§ **RECORDED DATA**
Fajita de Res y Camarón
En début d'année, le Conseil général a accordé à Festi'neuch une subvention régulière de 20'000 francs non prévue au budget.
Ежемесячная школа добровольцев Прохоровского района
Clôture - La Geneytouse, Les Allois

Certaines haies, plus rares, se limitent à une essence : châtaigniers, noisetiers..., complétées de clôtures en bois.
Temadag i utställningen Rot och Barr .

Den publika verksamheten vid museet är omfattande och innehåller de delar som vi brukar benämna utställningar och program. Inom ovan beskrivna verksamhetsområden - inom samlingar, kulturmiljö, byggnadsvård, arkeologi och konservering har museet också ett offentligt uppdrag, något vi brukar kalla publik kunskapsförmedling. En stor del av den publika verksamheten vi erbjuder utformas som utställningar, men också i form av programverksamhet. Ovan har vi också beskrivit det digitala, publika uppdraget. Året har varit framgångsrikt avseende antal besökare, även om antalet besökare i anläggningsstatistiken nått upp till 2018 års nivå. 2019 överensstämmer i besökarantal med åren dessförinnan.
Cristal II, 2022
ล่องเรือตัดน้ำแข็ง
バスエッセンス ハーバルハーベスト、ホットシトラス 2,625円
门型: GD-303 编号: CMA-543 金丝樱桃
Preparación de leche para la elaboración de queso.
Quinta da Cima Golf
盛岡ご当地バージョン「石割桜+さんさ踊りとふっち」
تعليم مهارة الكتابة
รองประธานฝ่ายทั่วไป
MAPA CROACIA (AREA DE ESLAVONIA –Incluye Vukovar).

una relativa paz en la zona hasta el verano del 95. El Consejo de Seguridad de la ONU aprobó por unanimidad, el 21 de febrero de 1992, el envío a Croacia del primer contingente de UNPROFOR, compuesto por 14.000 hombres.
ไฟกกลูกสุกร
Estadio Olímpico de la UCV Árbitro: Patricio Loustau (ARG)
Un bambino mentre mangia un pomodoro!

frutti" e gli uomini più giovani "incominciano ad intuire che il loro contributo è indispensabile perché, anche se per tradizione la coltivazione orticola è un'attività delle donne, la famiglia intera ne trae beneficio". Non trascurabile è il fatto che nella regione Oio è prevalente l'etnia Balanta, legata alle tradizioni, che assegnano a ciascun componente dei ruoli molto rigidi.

...

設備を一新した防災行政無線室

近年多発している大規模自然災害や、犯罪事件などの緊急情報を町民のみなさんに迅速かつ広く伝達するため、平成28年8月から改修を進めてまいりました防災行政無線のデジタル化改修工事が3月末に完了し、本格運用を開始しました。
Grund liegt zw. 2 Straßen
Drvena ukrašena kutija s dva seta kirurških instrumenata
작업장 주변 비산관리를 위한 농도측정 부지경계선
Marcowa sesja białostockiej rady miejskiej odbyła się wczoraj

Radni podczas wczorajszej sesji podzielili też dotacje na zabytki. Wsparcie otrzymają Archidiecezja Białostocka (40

---

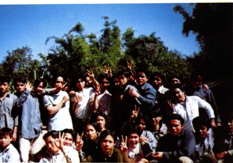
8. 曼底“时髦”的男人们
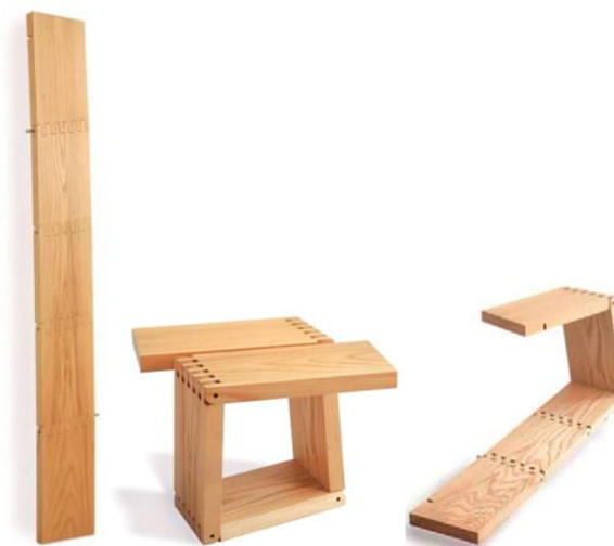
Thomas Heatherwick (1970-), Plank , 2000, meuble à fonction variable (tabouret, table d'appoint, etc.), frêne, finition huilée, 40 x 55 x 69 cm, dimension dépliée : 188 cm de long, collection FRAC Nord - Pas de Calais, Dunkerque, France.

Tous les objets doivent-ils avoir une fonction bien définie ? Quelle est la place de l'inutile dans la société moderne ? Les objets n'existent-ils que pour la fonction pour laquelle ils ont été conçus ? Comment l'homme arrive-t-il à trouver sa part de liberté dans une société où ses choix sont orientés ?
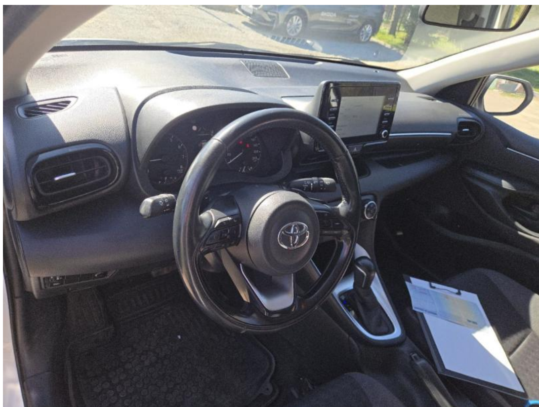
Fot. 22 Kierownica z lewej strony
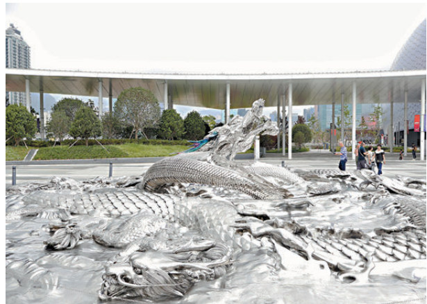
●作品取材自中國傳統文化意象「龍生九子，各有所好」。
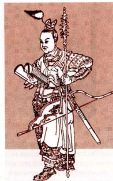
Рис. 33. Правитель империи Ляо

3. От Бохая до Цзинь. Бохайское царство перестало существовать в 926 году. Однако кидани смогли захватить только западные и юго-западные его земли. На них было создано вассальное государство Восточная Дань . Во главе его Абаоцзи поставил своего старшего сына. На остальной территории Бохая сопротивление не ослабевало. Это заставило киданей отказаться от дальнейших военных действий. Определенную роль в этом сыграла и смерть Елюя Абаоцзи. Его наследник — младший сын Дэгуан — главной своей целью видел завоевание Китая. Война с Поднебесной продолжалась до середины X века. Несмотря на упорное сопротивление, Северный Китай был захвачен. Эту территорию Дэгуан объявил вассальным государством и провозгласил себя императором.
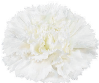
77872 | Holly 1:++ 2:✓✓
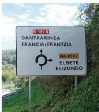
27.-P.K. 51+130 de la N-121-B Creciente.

§ **WHAT TO WORK ON**
From the material above, set down exactly the lines between the line holding "Preparación de leche" and the line holding "Un bambino mentre mangia un pomodoro!", inclusive. Include nothing else.

§ **RESPONSE FOR THIS EXERCISE**
Preparación de leche para la elaboración de queso.
Quinta da Cima Golf
盛岡ご当地バージョン「石割桜+さんさ踊りとふっち」
تعليم مهارة الكتابة
รองประธานฝ่ายทั่วไป
MAPA CROACIA (AREA DE ESLAVONIA –Incluye Vukovar).

una relativa paz en la zona hasta el verano del 95. El Consejo de Seguridad de la ONU aprobó por unanimidad, el 21 de febrero de 1992, el envío a Croacia del primer contingente de UNPROFOR, compuesto por 14.000 hombres.
ไฟกกลูกสุกร
Estadio Olímpico de la UCV Árbitro: Patricio Loustau (ARG)
Un bambino mentre mangia un pomodoro!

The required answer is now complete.